[TASK ITEM]
What is needed is an exact repetition of the lines from the first one in the data through the line with "et espace feu.", with no pictures.

[DATASET EXCERPT]
_ _ _ _ _

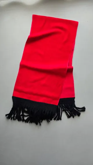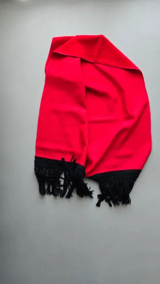 Elegante stola in un vivace colore rosso, rifinita con un bordo di frange nere. dimensioni 153 x 38 cm - Materiale morbido al tatto. - Design bicolore accattivante. - Lunghezza generosa per diverse opzioni di styling.
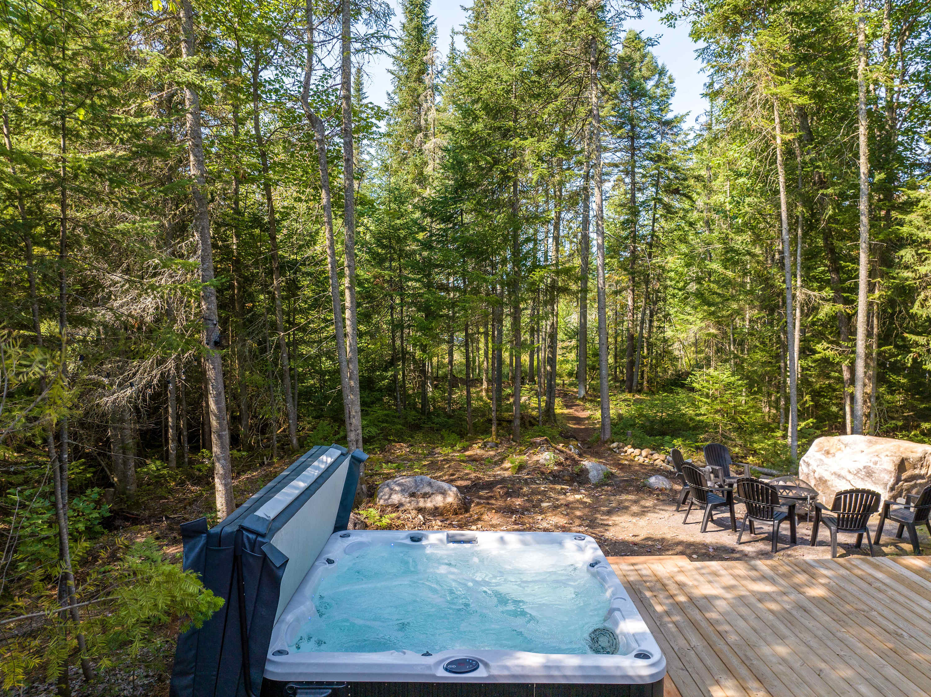 • Extérieur : terrasse avec spa privé, hamac, BBQ et espace feu.
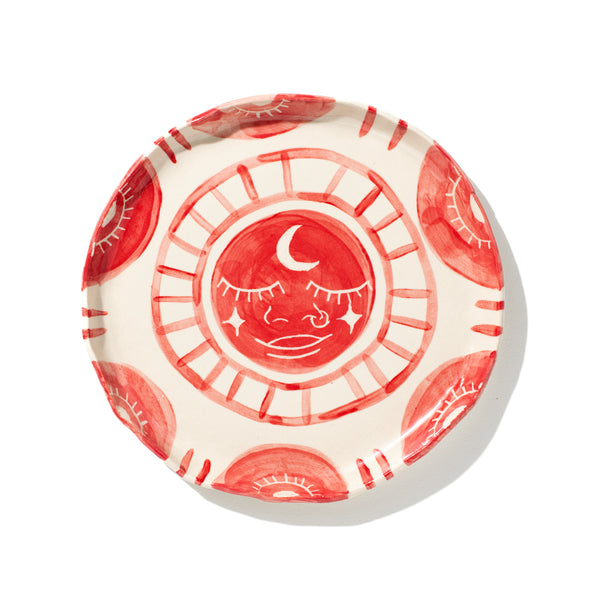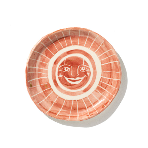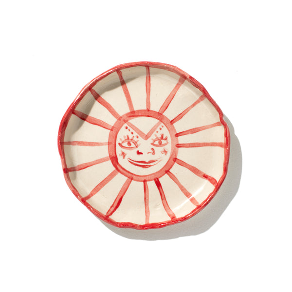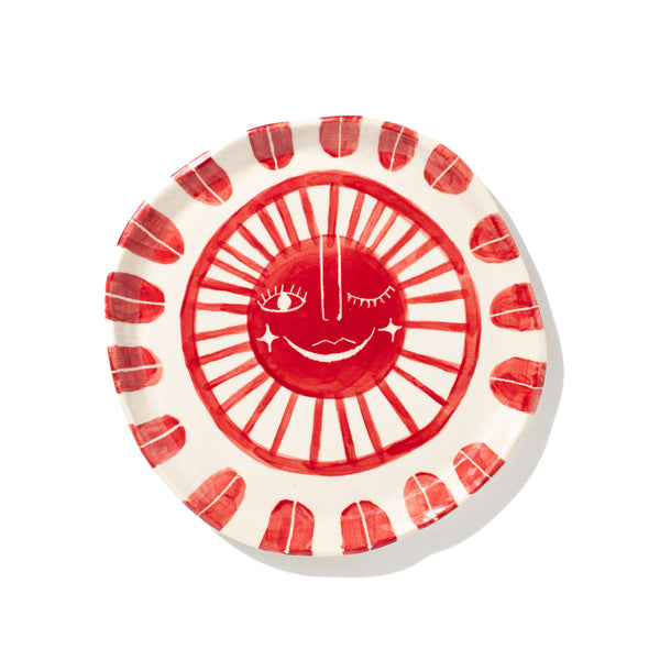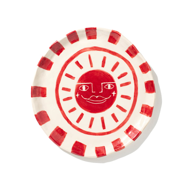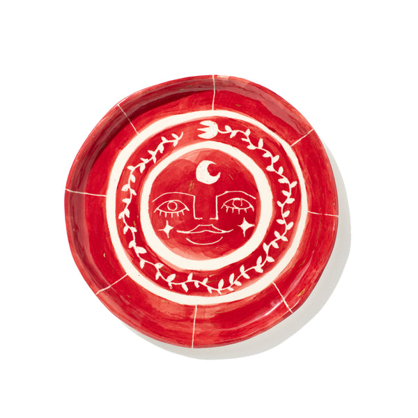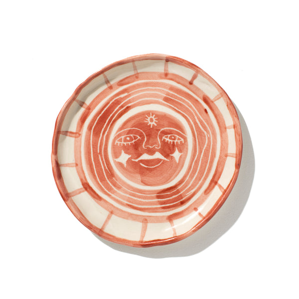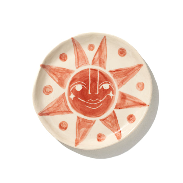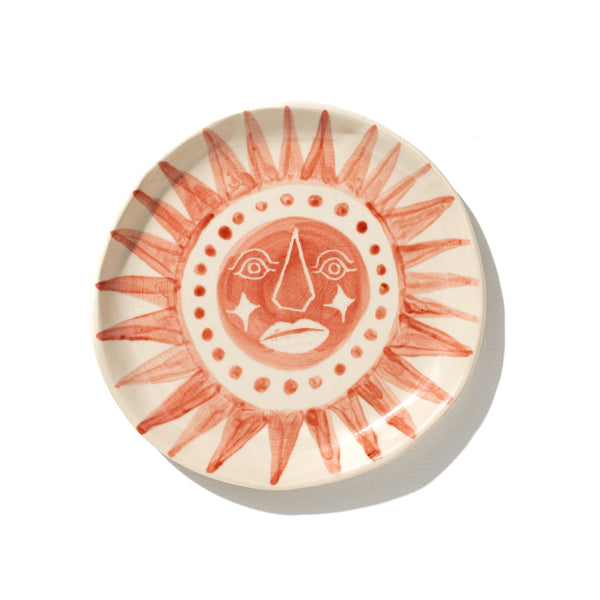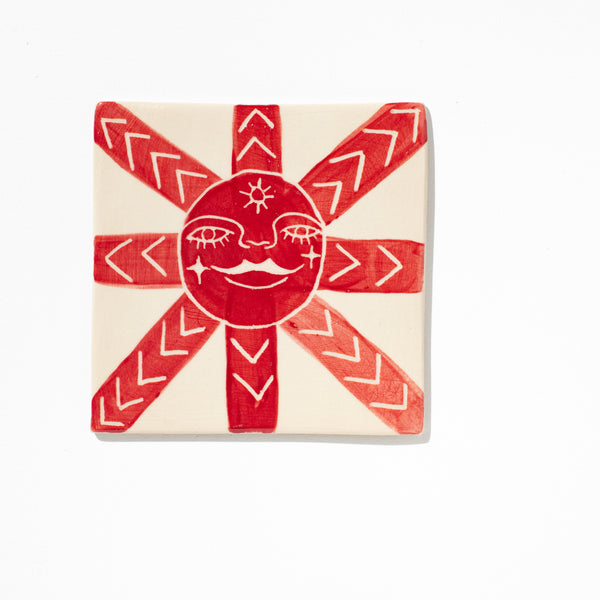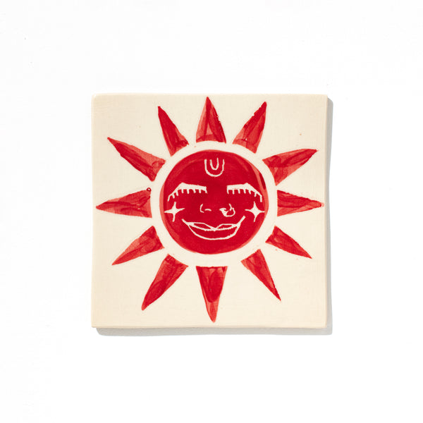 In each sun I find a part of myself that I didn’t know, I find an inclusive humanity. Crafted from Australian clay, the plates and tiles seek a connection to their place of origin.The natural Italian red mineral powder pigment, combined with powdered dry-clay and engobe, adorns them.

_ _ _ _ _

[ANSWER FOR THIS EXERCISE]
 Elegante stola in un vivace colore rosso, rifinita con un bordo di frange nere. dimensioni 153 x 38 cm - Materiale morbido al tatto. - Design bicolore accattivante. - Lunghezza generosa per diverse opzioni di styling.
 • Extérieur : terrasse avec spa privé, hamac, BBQ et espace feu.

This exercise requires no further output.